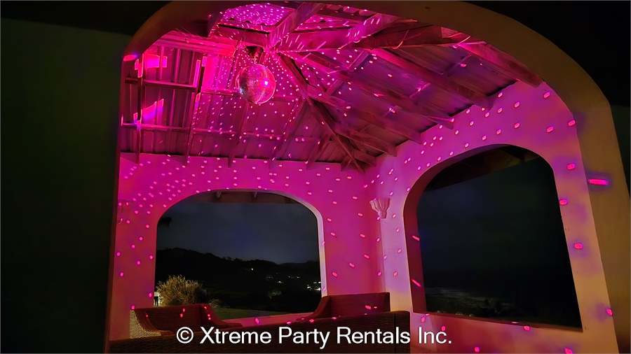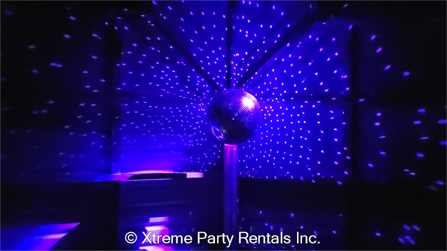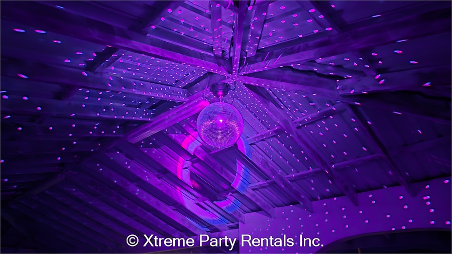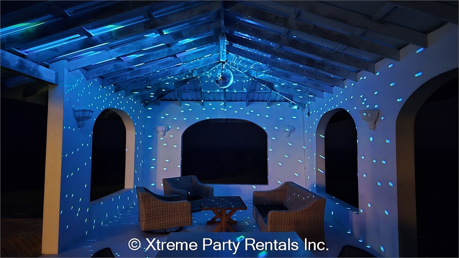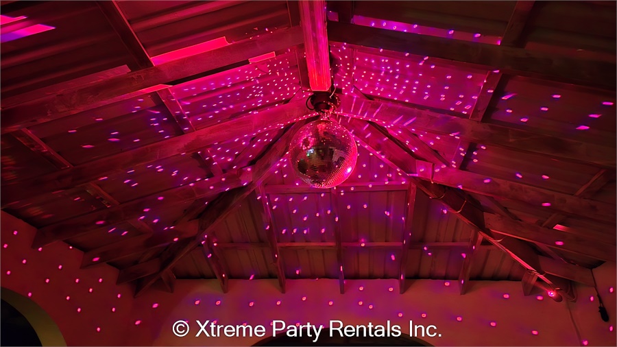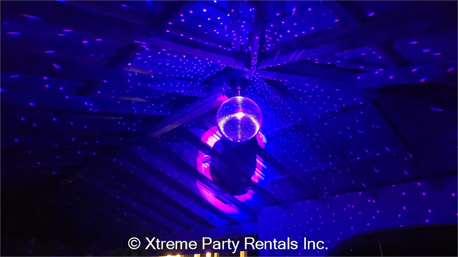 • mirror ball motor, stand, power cable with on/off switch, and white scrim
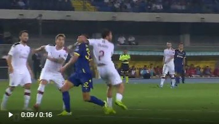 Le immagini del fallo del terzino del Milan sul giocatore del Verona
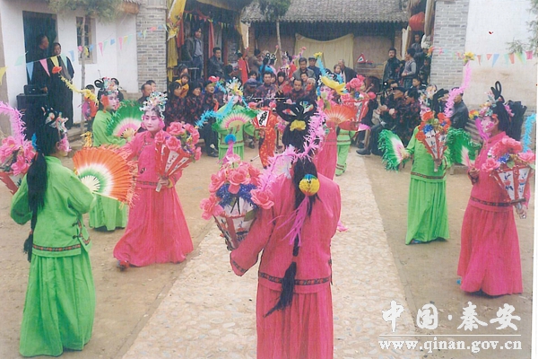 秦安蜡花舞是形成并主要流行于甘肃东南天水市秦安县境内的古老的舞蹈艺术。据近4800——7800年大地湾遗址f411地画,可以说是舞蹈的雏形。秦安蜡花舞真正形成于唐宋时期,距今已有1000余年历史。秦安为古成纪地界,素有“羲里娲乡”之称,不仅是“人文始祖”羲皇、女娲的故里,而且是诗仙李白、飞将李广、唐王李世明、名相权德舆的祖籍。闻名中外的“大地湾遗址”的发掘证实,这里有着悠久的文明,文化底蕴十分丰厚,是中华民族发祥地之一。蜡花舞源于词赋艺术,为了增强词赋的情感表达,配以人体的舞蹈动作。这种舞蹈在夜间演出,表演者左手托着花灯,花灯内装有点燃的蜡烛,右手挥着丝折扇,所以叫做蜡花舞。

*-*-*

Copy the listing word for word, excluding its pictures.

 • mirror ball motor, stand, power cable with on/off switch, and white scrim
 Le immagini del fallo del terzino del Milan sul giocatore del Verona
 秦安蜡花舞是形成并主要流行于甘肃东南天水市秦安县境内的古老的舞蹈艺术。据近4800——7800年大地湾遗址f411地画,可以说是舞蹈的雏形。秦安蜡花舞真正形成于唐宋时期,距今已有1000余年历史。秦安为古成纪地界,素有“羲里娲乡”之称,不仅是“人文始祖”羲皇、女娲的故里,而且是诗仙李白、飞将李广、唐王李世明、名相权德舆的祖籍。闻名中外的“大地湾遗址”的发掘证实,这里有着悠久的文明,文化底蕴十分丰厚,是中华民族发祥地之一。蜡花舞源于词赋艺术,为了增强词赋的情感表达,配以人体的舞蹈动作。这种舞蹈在夜间演出,表演者左手托着花灯,花灯内装有点燃的蜡烛,右手挥着丝折扇,所以叫做蜡花舞。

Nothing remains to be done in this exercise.